**MATERIAL PROVIDED**:
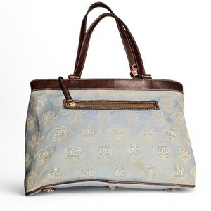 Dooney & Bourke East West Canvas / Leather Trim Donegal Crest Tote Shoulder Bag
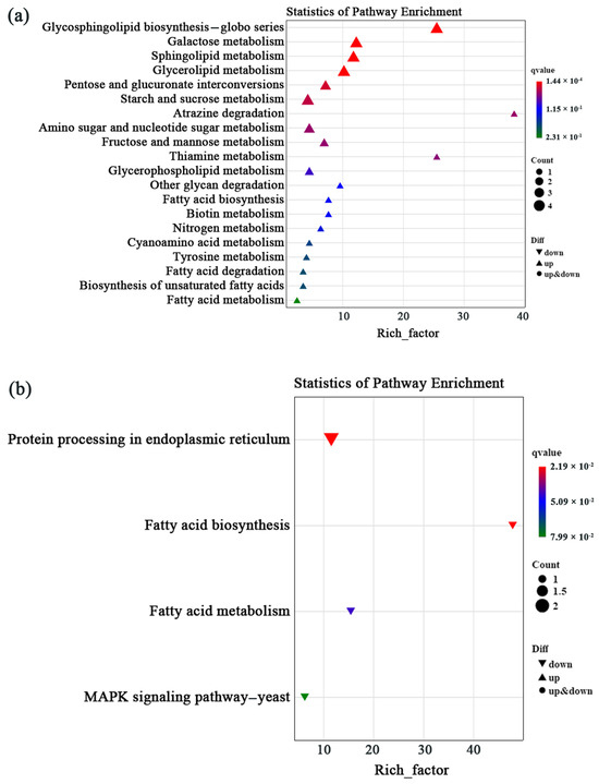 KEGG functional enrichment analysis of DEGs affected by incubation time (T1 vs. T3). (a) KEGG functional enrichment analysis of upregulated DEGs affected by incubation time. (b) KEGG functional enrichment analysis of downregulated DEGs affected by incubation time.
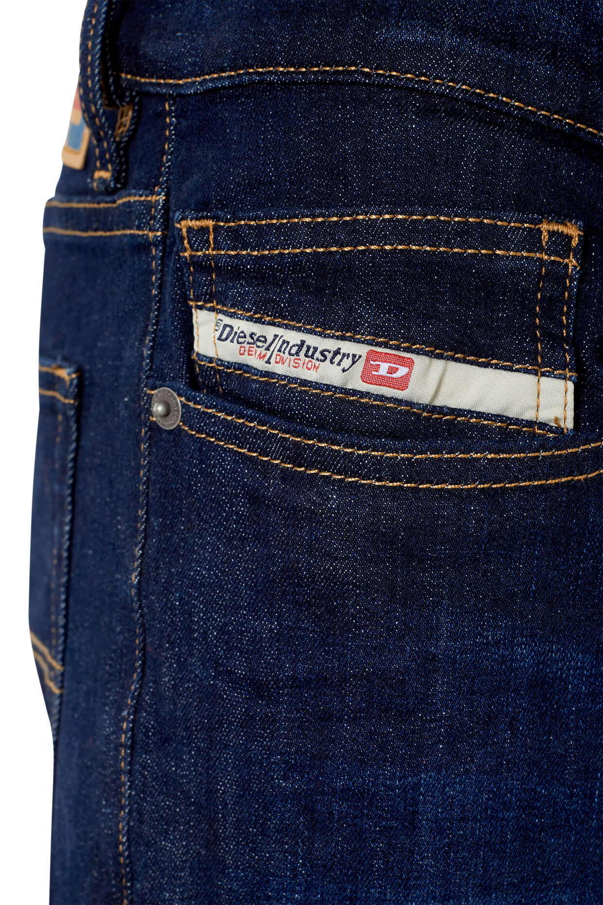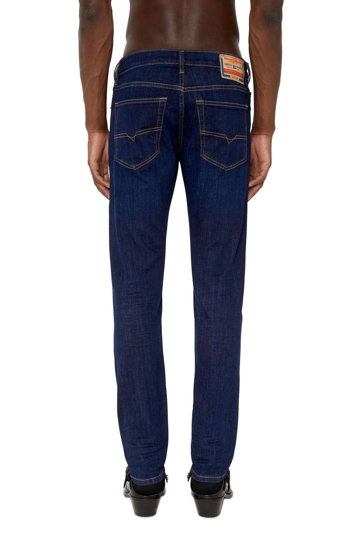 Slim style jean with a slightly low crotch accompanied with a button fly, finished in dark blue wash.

**EXERCISE DIRECTIONS**:
Print the listing exactly, images excluded.

**COMPLETED TASK**:
 Dooney & Bourke East West Canvas / Leather Trim Donegal Crest Tote Shoulder Bag
 KEGG functional enrichment analysis of DEGs affected by incubation time (T1 vs. T3). (a) KEGG functional enrichment analysis of upregulated DEGs affected by incubation time. (b) KEGG functional enrichment analysis of downregulated DEGs affected by incubation time.
 Slim style jean with a slightly low crotch accompanied with a button fly, finished in dark blue wash.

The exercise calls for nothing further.